Question

Three balls are drawn at random from a bag containing 5 blue and 4 yellow balls. Let the random variables $X$ and $Y$ respectively denote the number of blue and yellow balls. If $\bar{X}$ and $\bar{Y}$ are the means of $X$ and $Y$ respectively, then $7\bar{X} + 4\bar{Y}$ is equal to _____.

Answer 1

Correct Answer: 17

To resolve the problem, we must determine the expected values (means) for the random variables $X$ and $Y$. These variables represent the counts of blue and yellow balls, respectively, drawn from the bag containing a total of 9 balls: 5 blue and 4 yellow.

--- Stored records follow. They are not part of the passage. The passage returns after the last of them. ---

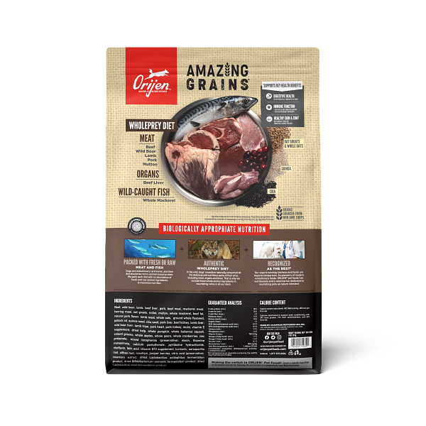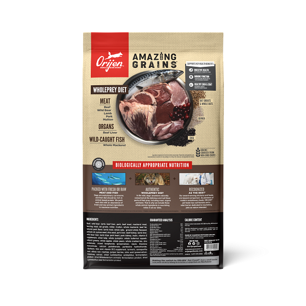 Shop / ORIJEN / ORIJEN High Protein Amazing Grains Regional Red Dry Dog Food ORIJEN High Protein Amazing Grains Regional Red Dry Dog Food ORIJEN $34.99 4 lb 22.5 lb 4-lb 22.5-lb Purchase Options Free In-Store Pick Up Not Available Save 10% on orders $49+ Set your store for inventory and store pickup details Zip Code Search Same-day Delivery* No minimum charge for delivery orders. *Order before 2pm and have it delivered today. Orders placed after 2pm will be delivered the next day. Must be inside delivery radius. Zip Code Unfortunately delivery is not available to this address. In order to ensure the best availability accuracy, changing your selected store will remove all items from your cart. You will need to re-add these items with your newly selected store if you choose to continue. Continue Cancel Ship it to Me Quantity Add To Cart Feeding guide disclaimer ✕ Feeding guides provide a starting point for the amount of food to give your pet each day. We recommend that you keep your pet in ideal body condition and not allow them to become overweight. The amount of food your pet needs can vary based on age, activity level or other food and treats given, so be sure to work with your veterinarian to determine an appropriate weight for your pet, and to make any necessary adjustments to their feeding. Information ORIJEN® Amazing Grains is packed with fresh or raw animal protein and enhanced with hand-selected grains to give your dog peak nourishment. With 90%* premium animal ingredients, ORIJEN Regional Red with Amazing Grains includes WholePrey ingredients from beef, wild boar, goat, lamb and wild-caught mackerel. These nutrient-dense animal ingredients provide your dog with the protein, vitamins and minerals they need to thrive. We’ve also added only the most amazing grains in a high-quality blend of oats, quinoa and chia and more, hand-selected to provide a balanced fiber ratio that helps support your dog’s digestive health. Nourish your dog completely with the amazing animal protein and quality grains found in ORIJEN Amazing Grains. Ingredients Beef, wild boar, lamb, beef liver, pork, beef meal, mackerel meal, herring meal, oat groats, millet, mutton, whole mackerel, beef fat, natural pork flavor, lamb meal, whole oats, ground whole flaxseed, pollock oil, quinoa seed, chia seed, pork liver, beef kidney, lamb liver, wild boar liver, lamb tripe, pork heart, pork kidney, inulin, vitamin E supplement, dried kelp, whole pumpkin, whole butternut squash, collard greens, whole apples, whole pears, whole cranberries, zinc proteinate, mixed tocopherols (preservative), niacin, thiamine mononitrate, calcium pantothenate, pyridoxine hydrochloride, riboflavin, folic acid, vitamin B12 supplement, turmeric, sarsaparilla root, althea root, rosehips, juniper berries, citric acid (preservative), rosemary extract, dried Lactobacillus acidophilus fermentation product, dried Bifidobacterium animalis fermentation product, dried Lactobacillus casei fermentation product. Guaranteed Analysis Nutrient Guaranteed Units Crude Protein 38% min Crude Fat 18% min Crude Fiber 4% max Moisture 12% max DHA & EPA 0.3% min Calcium 1.9% min Phosphorus 1.2% min Vitamin E 750 IU/kg min Omega-6 Fatty Acids 1.7% min Omega-3 Fatty Acids 1.4% min Taurine 0.1% min Glucosamine 500 mg/kg Total Microorganisms 1 Million CFU/lb Customers also liked Customer Reviews
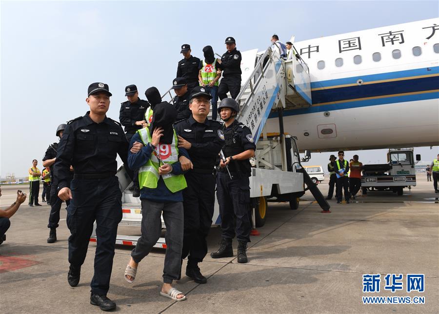 11月7日,涉及到吉林部分網(wǎng)絡(luò)詐騙案件的14名犯罪嫌疑人繼續(xù)乘坐包機(jī)被押解回吉林接受處理。新華社記者毛思倩攝
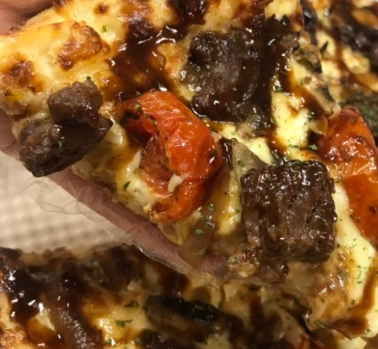 중요한 건 스테이크인데요 큼직한 게 소스 맛과 잘 어울린 듯, 피자와 스테이크 조합이

Step 1: Calculate the Mean of $X$

$X$ is the number of blue balls drawn. Its expectation, $E(X)$ or $\bar{X}$, is computed using the hypergeometric distribution formula:

$$\bar{X} = E(X) = n \cdot \frac{K}{N} = 3 \cdot \frac{5}{9}$$

Here, $n = 3$ is the number of draws, $K = 5$ is the number of blue balls, and $N = 9$ is the total number of balls. Consequently,

$$\bar{X} = 3 \cdot \frac{5}{9} = \frac{15}{9} = \frac{5}{3}$$

Step 2: Calculate the Mean of $Y$

$Y$ represents the number of yellow balls drawn. Applying a similar method yields:

$$\bar{Y} = E(Y) = n \cdot \frac{M}{N} = 3 \cdot \frac{4}{9}$$

where $M = 4$ is the number of yellow balls. Thus,

$$\bar{Y} = 3 \cdot \frac{4}{9} = \frac{12}{9} = \frac{4}{3}$$

Step 3: Compute $7\bar{X} + 4\bar{Y}$

Given $\bar{X} = \frac{5}{3}$ and $\bar{Y} = \frac{4}{3}$, substitute these values into the expression:

$$7\bar{X} + 4\bar{Y} = 7 \cdot \frac{5}{3} + 4 \cdot \frac{4}{3}$$

$$= \frac{35}{3} + \frac{16}{3} = \frac{51}{3} = 17$$

Verification

The computed value of 17 aligns with the provided expected range (17, 17), confirming the accuracy of our solution.

The value of $7\bar{X} + 4\bar{Y}$ is \( \boxed{17} \).